Chris, the problem with most "chaired meetings" is that the meeting no longer has the right to replace a biased or manipulative chairperson with a candidate of its own choosing, which is an essential detail of democratic process. The chairperson, by the way, should never speak for or against a measure; it's his or her job to make sure the meeting runs smoothly and efficiently, and that's it.

Cherokee, I'm not even sure that it's entirely the product of magic. The roots of popular passivity in the modern world -- that's a fascinating issue and one that needs a great deal of careful thought and study.

M, Vidal was one of my favorite prose stylists, and a very keen observer of the political scene. I hope he's wrong, but I wouldn't bet money on it.

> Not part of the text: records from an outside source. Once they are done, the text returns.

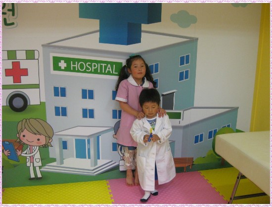 구로의 직업체험관에서 간호사 옷과 의사가운 갈아입고 찍은 사진입니다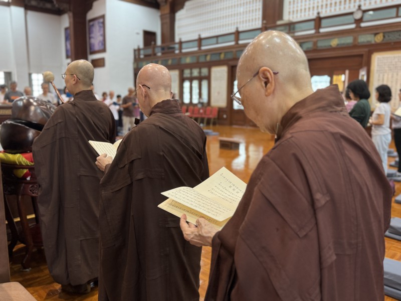 上午十时三十分,檀香寺开山唯悟法师偕同诸位法师,引领大众恭诵《佛说盂兰盆经》。因适逢周六,信众陆续前来参与诵经,共沐法喜。诵经仪式圆满后,法师们继续带领大众进行佛前大供仪式,随后法师们移步至延生坛与三圣殿,做回向。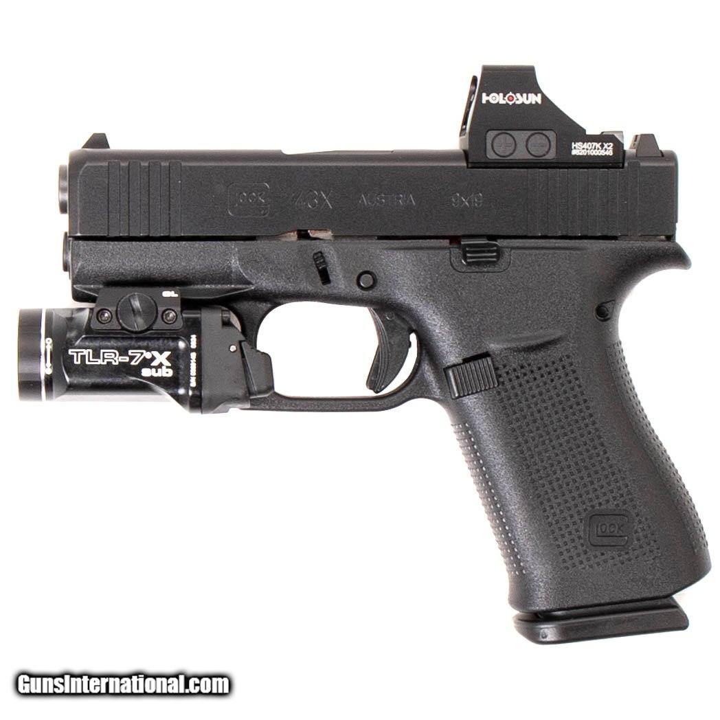 Description: Guns Listing ID: 503674 Check it out, the ultimate daily carry option: our custom 43X Glock pistol with a Streamlight TLR-X Sub and a Holosun HS407K-X2. This compact powerhouse combines precision, durability, and reliability in one sleek package. The Streamlight TLR-X Sub provides powerful illumination for low-light situations, while the Holosun HS407K-X2 offers a crisp red dot sight for quick target acquisition. With unmatched quality from industry giants, this customized Glock ensures you‚‚re always prepared for whatever comes your way. Upgrade your EDC with top-tier components chosen by the Guns Custom Team for unparalleled performance and peace of mind. Part breakdown: - Holosun HS407K-X2 - C&H Mounting Plate - Streamlight TLR-X Su SOLD Manufacturer: GLOCK Model: 43X MOS (GUNS CUSTOM) Caliber Info: 9MM LUGER (9x19 PARA) Condition: new Barrels: 3.25 Action: STRIKER FIRED Finish: black Weight: 1.2 LBS |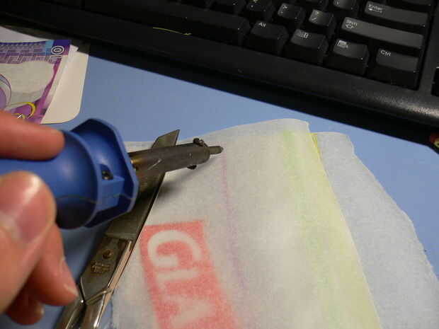 En primer lugar, colocar una capa de papel (papel encerado) de hornear sobre la mesa. A continuación, colocar la bolsa de ziplock y luego coloque otra hoja de papel además de cocción. Ahora, encienda el soldador a calentar durante algunos minutos. No dejes que te calientes demasiado, ya que quema a través del papel y derretir a través de la plástica. Si el papel de la hornada dar vuelta a marrón, el soldador está demasiado caliente.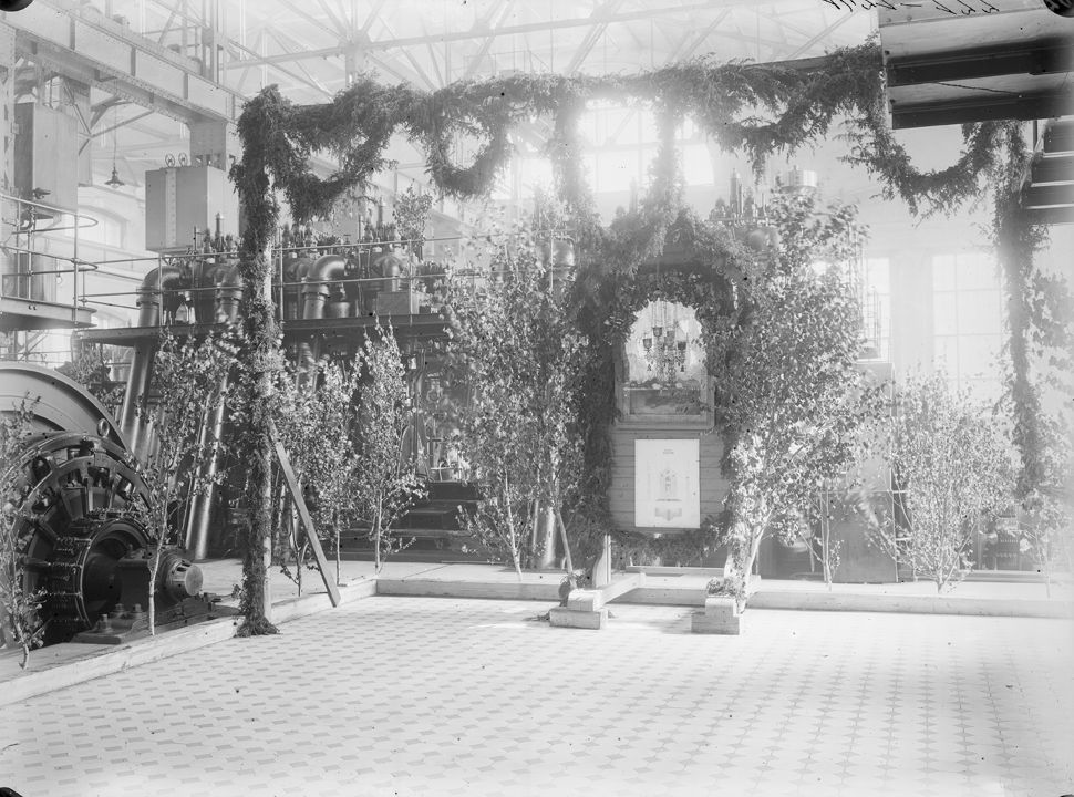 Сормово завод №112. Декорация в электрической станции (по случаю ее открытия). Дата: 1915 г. Место съемки: г. Н.Новгород Автор: М.П. Дмитриев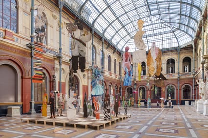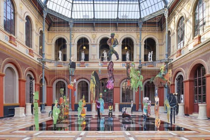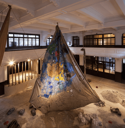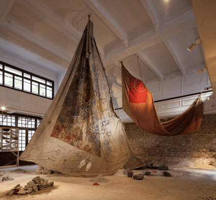 Boghiguian’s nomadic practice responds to specific locations, creating installations often likened to “giant pop-up books,” where spaces unfold as visitors navigate her installations.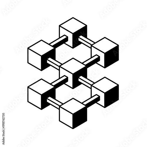 © Omah, Obraz premium Geometric 3D Cubes Connected by Bars Forming a Cluster.

Richard, I'd be happy to see us go back to a system where most Americans have passionate feelings about political issues, and let those feelings lead them to organize on a grassroots level! If democracy is going to return to this country, that's what's going to have to do it.

8/4/12, 2:13 PM

Iodhan Silverbear said...
JMG, didn't mean to imply that it isn't happening right now. I agree with that. What I mean is hastening the final result as opposed to delaying it. I agree, things are coming down around our ears despite the illusory quality of our politicians that keep telling us "Vote for our guy, he'll fix it." American politics aside, I don't think anyone can "fix it". At best they might delay the inevitable end result. I vascilate between hastening and prolonging even though I ultimately believe that either result would amount to a hair's breadth of a difference in the long run. Maybe I should just concentrate on what I can do now. Thanks.

8/4/12, 5:45 PM

phil harris said...
JMG
JMG wrote: "British devolution depends far more on international factors than I suspect many people realize." And, I would add, so does much of our daily lives. In my book, that self-centred preoccupation is the one big thing we have not coped with at all since the empire collapsed.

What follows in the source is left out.